But there is still plenty of time for all
sorts of other stuff.
Beyond was a minor Marvel mini series from a few years back, by the much
missed Dwayne McDuffie and Scott Kolins. It came out right at the same time as
all that Civil War nonsense, and was spectacularly out of fashion at a time
when Reed Richards was being a suspicious dick towards Spider-man at a bloody
funeral.
No wonder it’s held up so much better than
most of the Marvel titles at that time. Beyond is still a pleasantly nostalgic
read, and even though it’s just another six-issue comic designed mainly to give
characters like Hank Pym, Firebird and Deathlok something to do.
It’s intentionally hitting those nostalgia
buttons – targeting specific vibes of time gone by. Pym and The Wasp have been
fighting the good fight since the sixties, there is some very silly, very seventies
cosmic shenanigans, an eighties dash of treating it all with super-seriousness,
(and just the slightest touch of realism) and a nineties tendency to throw a
bunch of random characters from the back catalogue together and treat them like
actual human beings.
So I ended up liking Beyond much more than
I thought I would when I finally got around to it recently. It had almost no
impact on the Greater Marvel Saga, but it’s all the better for it, and manages
some sharp characterisation (It’s the only comic where I’ve ever liked The
Hood, and it also uses the only version of Deathlok I’ve ever given a damn
about).
McDuffie was always so good at these
straight-up superheroics, with his work only suffering when it was hammered
into some Grand Editorial Vision, and Beyond is the perfect example of this.
It’s one of my favourite times of the year right now,
when the NZ International Film Festival rolls into town.
I don’t go as crazy as I used to, but I
always see half a dozen films each year – usually a mix of weirdo horror,
supreme arthouse, worthy re-release and some kind of music documentary. I
already saw Cabin In The Woods with an appreciative audience last week, and a
magnificently loud and brilliantly huge print of The Shining yesterday, and Killer Joe last night, which managed to be even more spectacularly trashier than I expected.

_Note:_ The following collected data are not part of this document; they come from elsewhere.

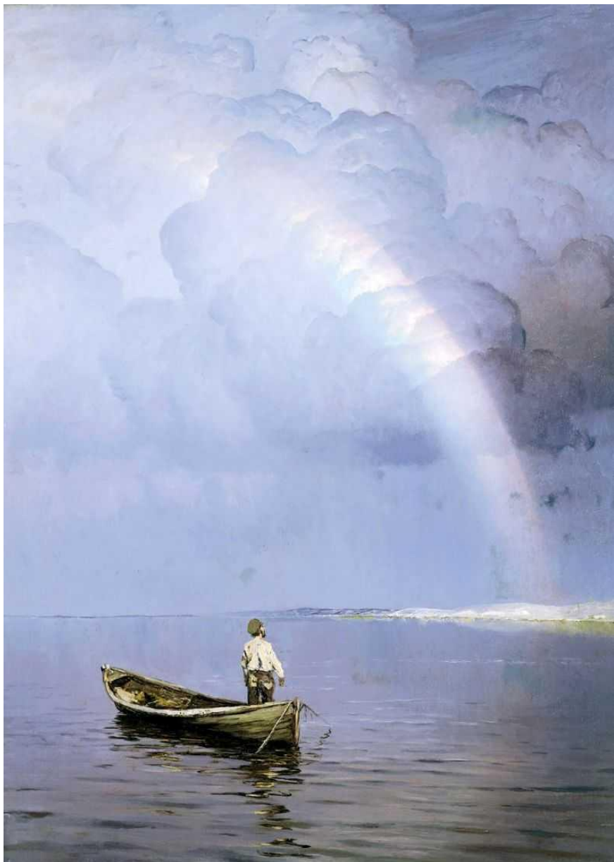
Н.Н. Дубовской «Радуга»
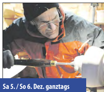
Sa 5. / So 6. Dez. ganztags

Die Mondsee Schlossteufel sorgen für schaurige Stimmung.
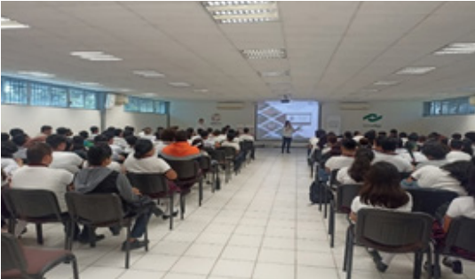
Programa de Inglés a estudiantes.

Entre las que destacan la escuela Primaria “Pedro Saenz de Baranda”, Escuela Secundaria General #7, El Colegio Nacional de Educación Profesional Técnica, CONALEP, entre otras en los que se atendió un total de 3,562 usuarios.
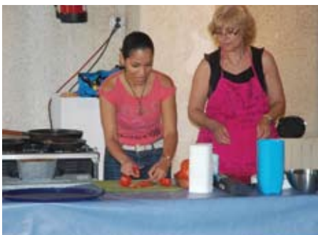
Parella lingüística durant el taller.

Per a més informació Oficina de Català, de 10 a 14 h - tel. 93 540 93 50 ■
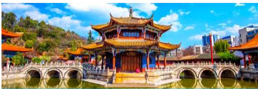
วัดหยวนกวง
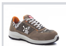
S0200 KHAKI/SZÜRKE TEREPSZÍNŰ
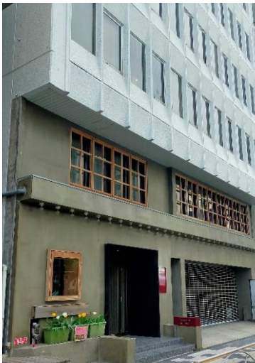
TokyoYard Building 外観

品川開発プロジェクトにおけるまちづくりの拠点として、既存ビルをリノベーションし、2020年4月より活用を開始しました。全フロアにプロジェクトメンバーオフィスや、会議やイベントを行えるスペース等を設け、実証実験、地域との交流、新しいサービスの創出を通じて、TAKANAWA GATEWAY CITYのまちびらきに向けた様々な情報発信を行っています。
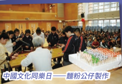
中國文化同樂日——麵粉公仔製作
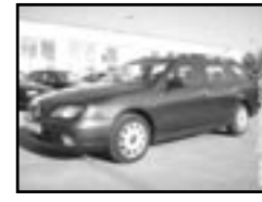
Nissan Primera r.v. 2001, cena 187.000 Kč klima, 2x airbag, ABS, imobil., el. okna, posil., poč., multif. volant, stř. nosič, centrální dálk., vyhř. el. zrc.
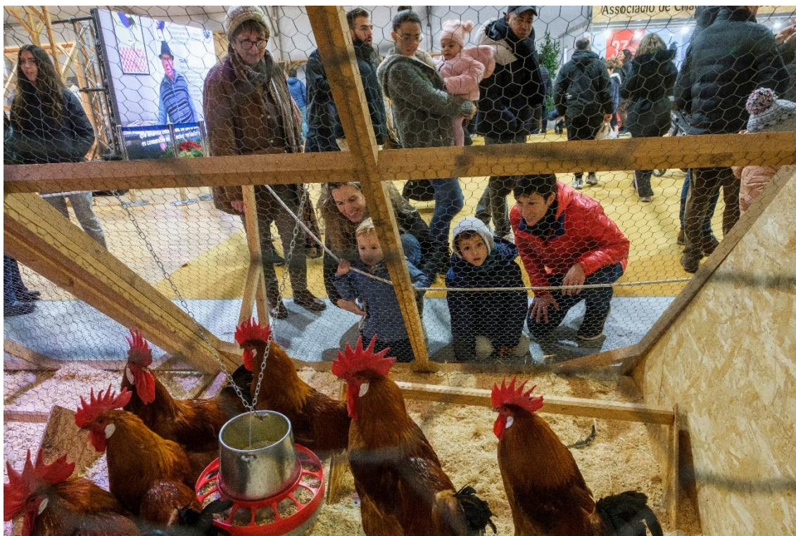
Imatge de la Fira Avícola 2022

Si la Fira Avícola de la Raça Prat sempre és especial, enguany ho és per partida doble, ja que arriba a la màgica xifra de 50 edicions. Tot just el primer cap de setmana de desembre, un mes farcit de fires a Catalunya, torna una de les que s'ha convertit ja en un imprescindible al calendari. Se celebrarà de nou a la Granja de la Ricarda, tot just una setmana i mitja després que aquest espai hagi saltat a la fama mundial en esdevenir l'escenari del videoclip que Björk ha realitzat amb Rosalia i que ha dirigit la creadora catalana Carlota Guerrero.
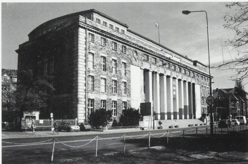
Poznań. Akademia Ekonomiczna. Fot. A. Jabłońska, 2001
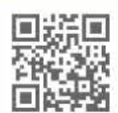
「北欧! 自由気ままに子連れ旅」
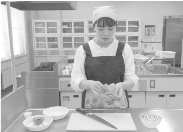
写真3「簡単に作れる調理方法について説明」
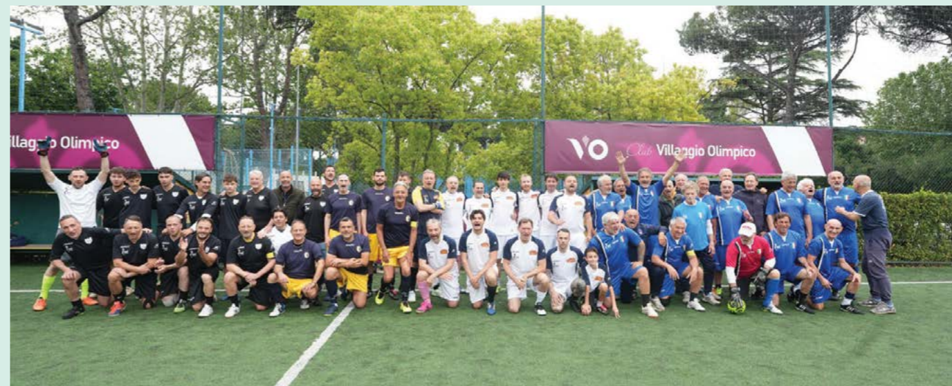
Foto di rito per le squadre partecipanti
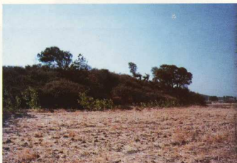
4. Ο λόφος του Αγίου Φιλώρου με τον προϊστορικό συνοικισμό.
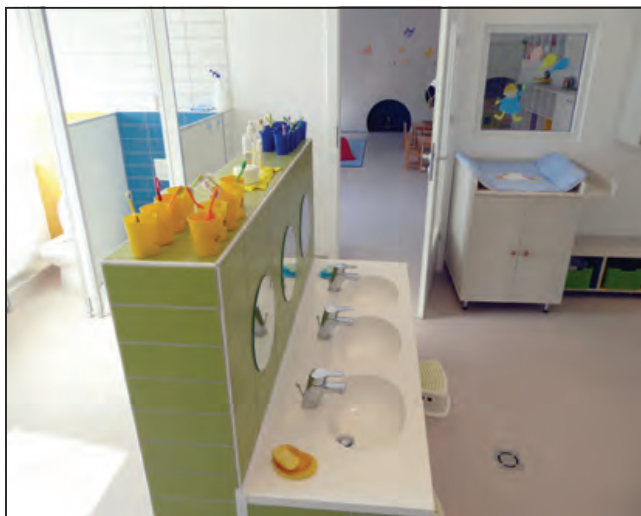
A játékos ötletek, részleteikben kidolgozott megoldások mind a külső, mind a belső tér általános jellemzői

illő, egységes világként jelenik meg. Nem orvosi, gyógyító jellegű ez a hely, hanem egy sarki kuckó az óvodában. A tér is azt üzeni, amit a pedagógiai szemlélet: a gyermekek számára a hideg időszakban történő használat természetes része a napi rutinnak. A sószoba elhelyezése és megjelenése arra kiváló példa, hogy a megértett megbízói szándékot hogyan erősítheti a térképzés.
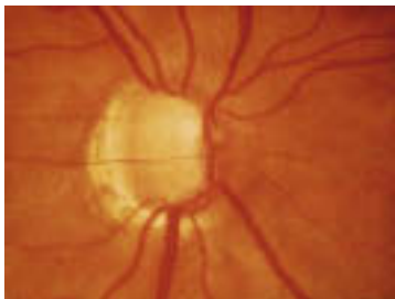
Glaukom: Stadium III
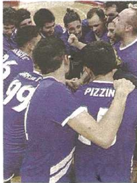
L'esultanza degli azzurri dopo la conquista dell'Europeo

(pmu) Da ieri, giovedì 8 sino a domenica 11 agosto, la Malesia sarà la capitale mondiale del tchoukball.
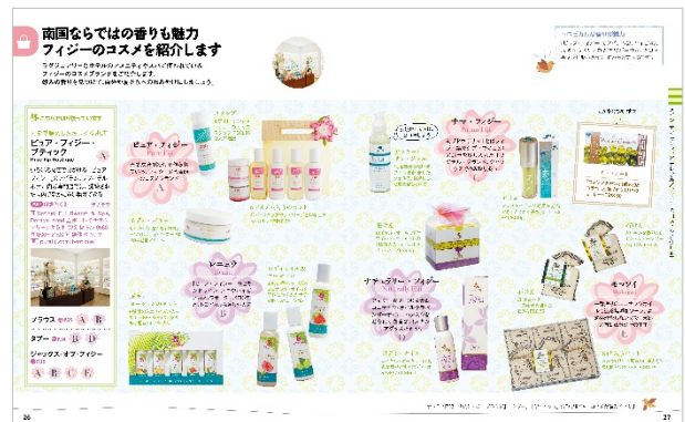
<フィジーのコスメを紹介します>
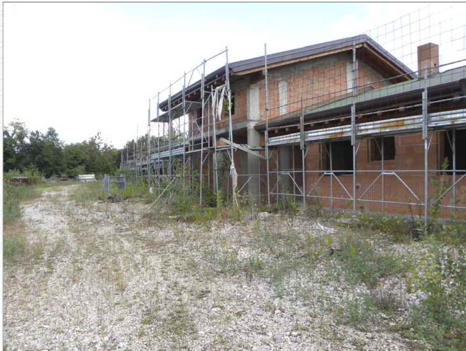
Zugliano di Pozzuolo del Friuli (UD): attrezzature di cantiere (impalcature)
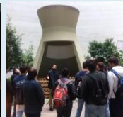
מימין לשמאל: מקבלים הסבר ליד דגם הארובה בבז"ן, מעבדת האלמוגים וחוף חיפה.
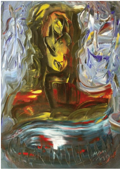
Antorcha viviente de Miguel Oscar Menassa. Óleo sobre lienzo de 81x60 cm.

queréis que vaya de A a B yo no puedo no puedo salir estoy en un país sin huellas sí sí es algo hermoso lo que tenéis ahí es algo hermoso qué es no me hagáis más preguntas espiral polvo de instantes qué es lo mismo la calma el amor el odio la calma la calma
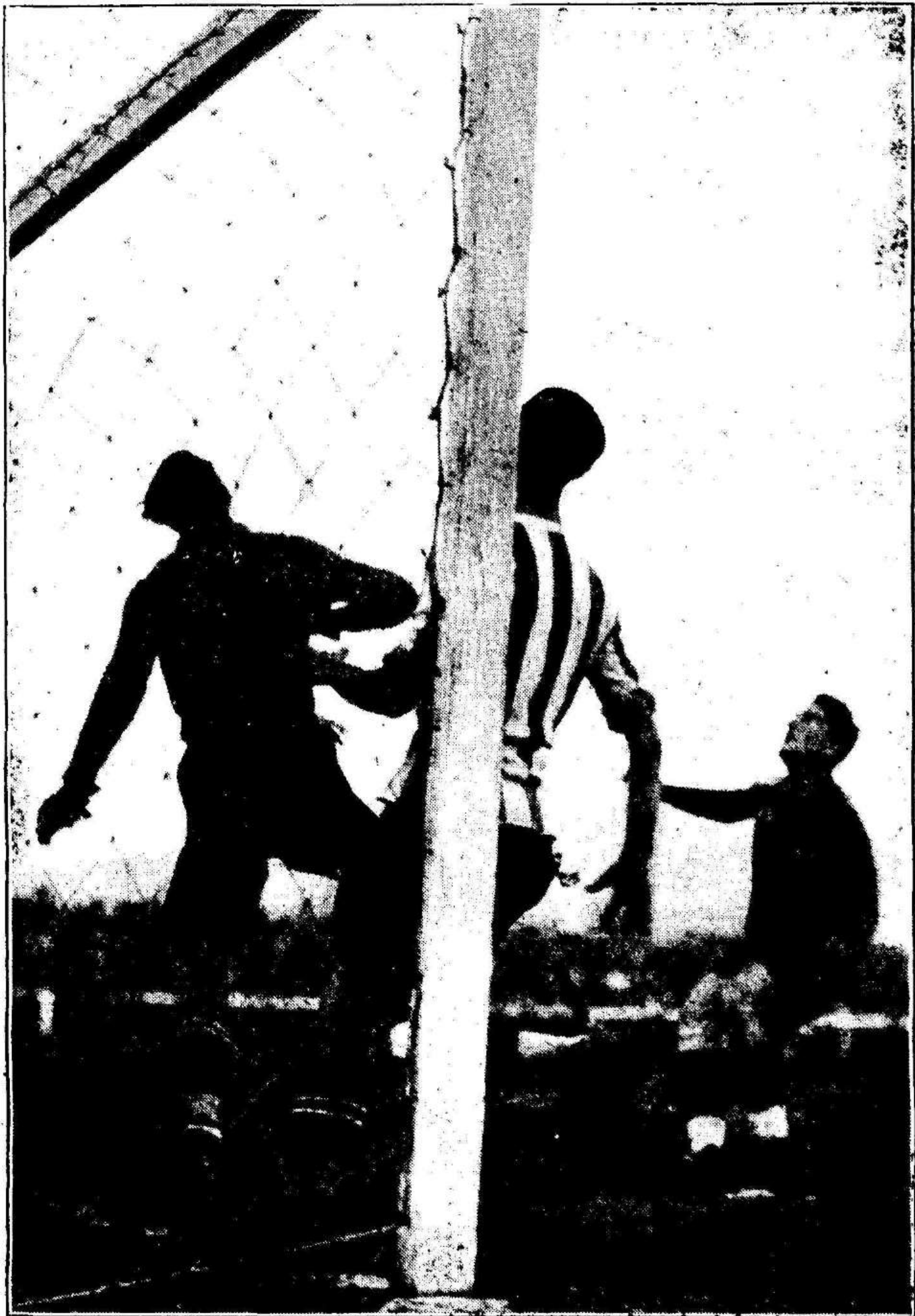
Grasch, el guardameta del Cartagena, despejando de «zamorana» una situación de peligro para su puerta.

But my favourite film of the festival so
far is undoubtedly Sightseers. I’ve
made no secret of my fondness for Ben Wheatley’s films, and after the fucked-up
gangster shit of Down Terrace, and the fucked-up horror shit of Kill List,
Sightseers is the fucked-up romantic comedy shit.
It’s really horrible, and really funny, and
I’m always after that in a film. It’s got tender moments of madness, some
achingly beautiful natural landscapes and some remarkable gore. It has somebody
getting their face bashed in with excruciating detail while there is a
passionate reading of Jerusalem on the soundtrack, a wicked ending and a giant fucking pencil. It’s
about ley lines, and politeness, and broken people finding some kind of
happiness.
It’s just about everything I want in a
movie.
It’s a shame that the thing that makes
Carla Speed MacNeil’s Finder comic
so interesting – that fact that it’s so complex, impossible to categorise and
difficult to even describe – are the same things that make it hard to get into
in the first place.
I mean, I’m 350 pages into the first big
collected volume, and I have no fucking idea what’s going on.
But I want to know more, and that’s always
a good sign.
On the other hand, the latest Parker book
by Darwyn Cooke – The Score – is effortlessly smooth and goes down like good
whisky. There is less of the storytelling experimentation that Cooke used to
hook the reader in the first two books, but the more straight-faced the
storytelling is, the more effective it is.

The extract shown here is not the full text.